RECORD EXTRACTS below:
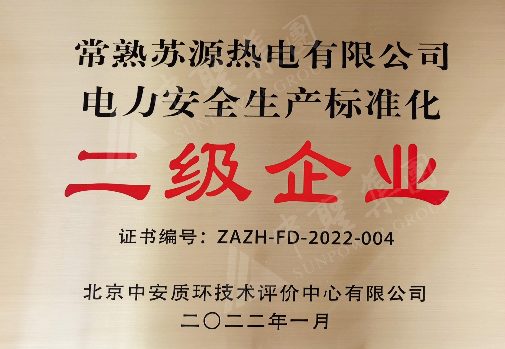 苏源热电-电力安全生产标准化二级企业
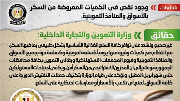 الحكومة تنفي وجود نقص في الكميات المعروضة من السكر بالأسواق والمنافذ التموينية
End of RECORD EXTRACTS.
RECORD EXTRACTS below:
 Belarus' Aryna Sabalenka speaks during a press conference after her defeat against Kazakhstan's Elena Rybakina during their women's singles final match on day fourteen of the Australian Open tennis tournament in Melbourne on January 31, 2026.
End of RECORD EXTRACTS.
▶ _WHAT THE EXERCISE ASKS_
Above are records; repeat only the lines from the line with "苏源热电-电力安全生产标准化二级企业" through the line with "الحكومة تنفي وجود", and leave pictures out.

▶ _EXPECTED ANSWER_
 苏源热电-电力安全生产标准化二级企业
 الحكومة تنفي وجود نقص في الكميات المعروضة من السكر بالأسواق والمنافذ التموينية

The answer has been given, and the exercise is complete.